[Work request] Can you print the data exactly and leave out each image?
-------------------------
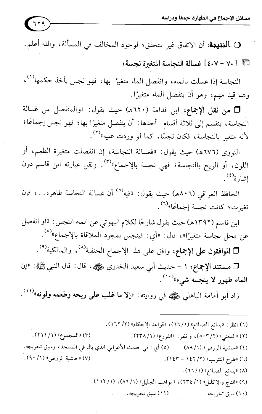 • من نقل الإجماع: ابن قدامة (620 هـ) حيث يقول: "والمنفصل من غسالة النجاسة، ينقسم إلى ثلاثة أقسام: أحدها: أن ينفصل متغيرًا بها؛ فهو نجس إجماعًا؛ لأنه متغير بالنجاسة، فكان نجسًا، كما لو وردت عليه" (¬2).
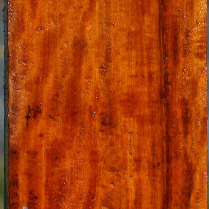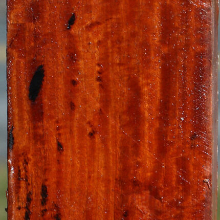 These Pernambuco turning blanks have incredibly vibrant color! Fiddleback may be present in some. Blanks have air dried for 1 year, are completely wax sealed, and contain residual moisture. This piece has checks and knots. Please see pictures for details.
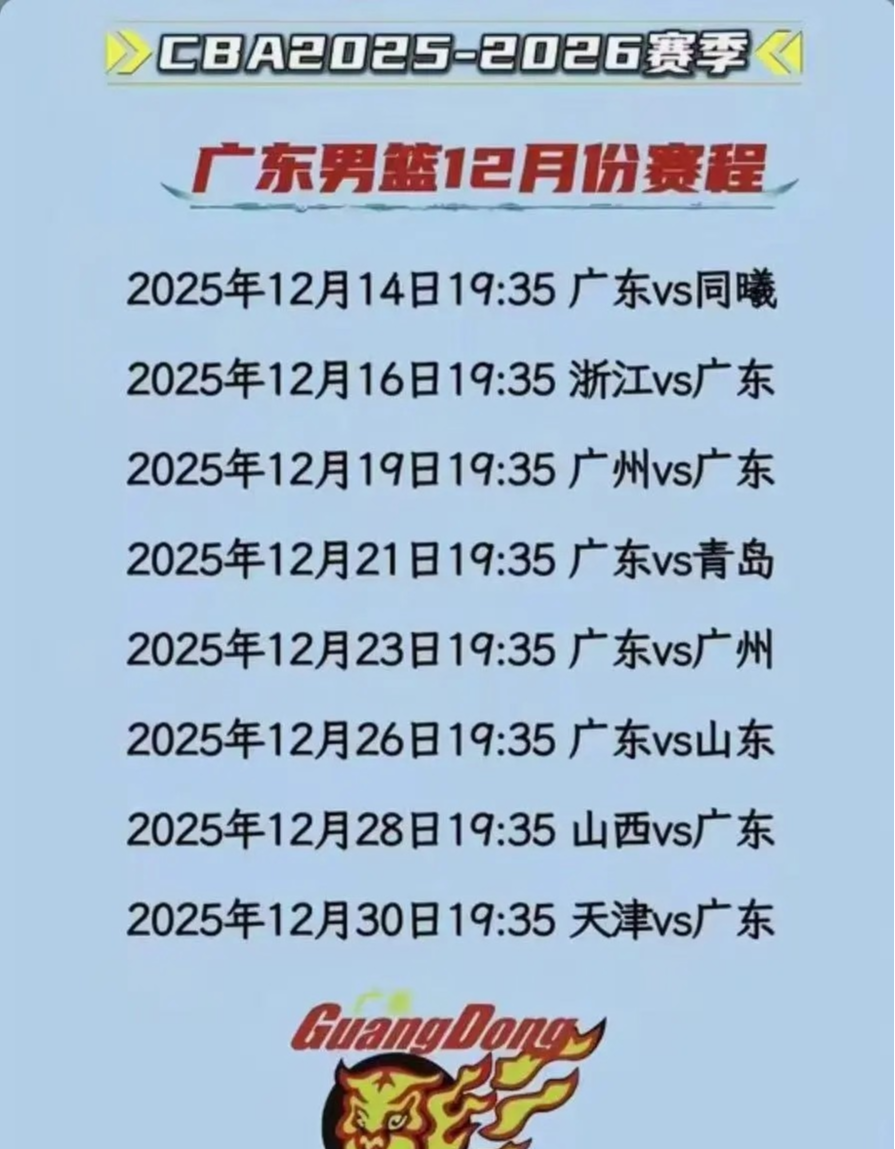2025年12月14日19:35,广东vs同曦;
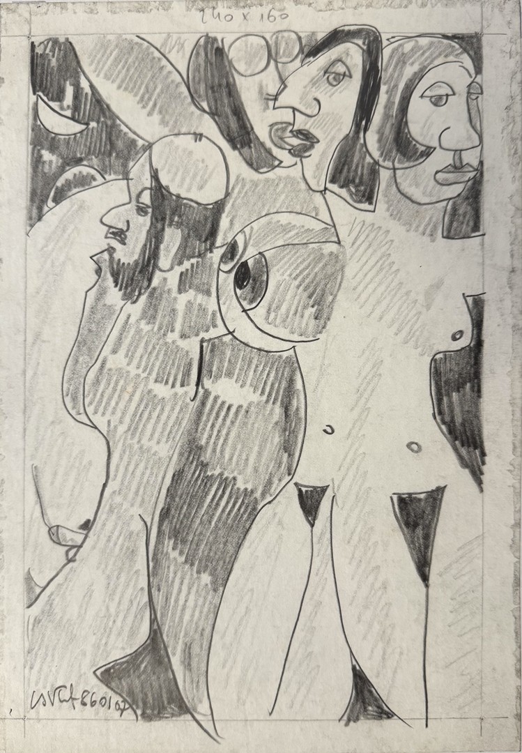 Németh, Miklos (1934-2012) Frauen, Bleistift auf Papier.
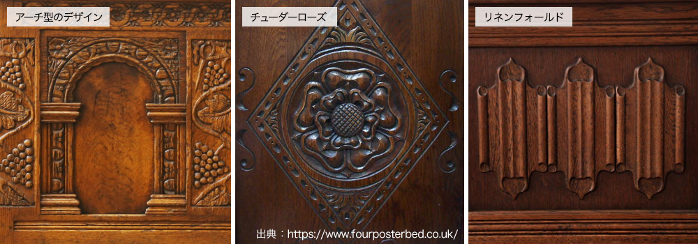 素材に対して浅く彫り込むことを浅浮き彫り、もしくはローレリーフといいます。素材によく用いられているのは、とても硬い材質を持つオーク材です。立体感はそれほどないものの平面的な装飾よりは存在感が出やすく、繊細なデザインによって洗練された雰囲気を醸し出します。浅浮き彫りで施される装飾で代表的なのが、ゴシック様式の「アーチ」、薔薇をモチーフとした「チューダーローズ」、リネンのしなやかさを表現した「リネンフォールド」などです。
-------------------------
[Solution to this task]
 • من نقل الإجماع: ابن قدامة (620 هـ) حيث يقول: "والمنفصل من غسالة النجاسة، ينقسم إلى ثلاثة أقسام: أحدها: أن ينفصل متغيرًا بها؛ فهو نجس إجماعًا؛ لأنه متغير بالنجاسة، فكان نجسًا، كما لو وردت عليه" (¬2).
 These Pernambuco turning blanks have incredibly vibrant color! Fiddleback may be present in some. Blanks have air dried for 1 year, are completely wax sealed, and contain residual moisture. This piece has checks and knots. Please see pictures for details.
2025年12月14日19:35,广东vs同曦;
 Németh, Miklos (1934-2012) Frauen, Bleistift auf Papier.
 素材に対して浅く彫り込むことを浅浮き彫り、もしくはローレリーフといいます。素材によく用いられているのは、とても硬い材質を持つオーク材です。立体感はそれほどないものの平面的な装飾よりは存在感が出やすく、繊細なデザインによって洗練された雰囲気を醸し出します。浅浮き彫りで施される装飾で代表的なのが、ゴシック様式の「アーチ」、薔薇をモチーフとした「チューダーローズ」、リネンのしなやかさを表現した「リネンフォールド」などです。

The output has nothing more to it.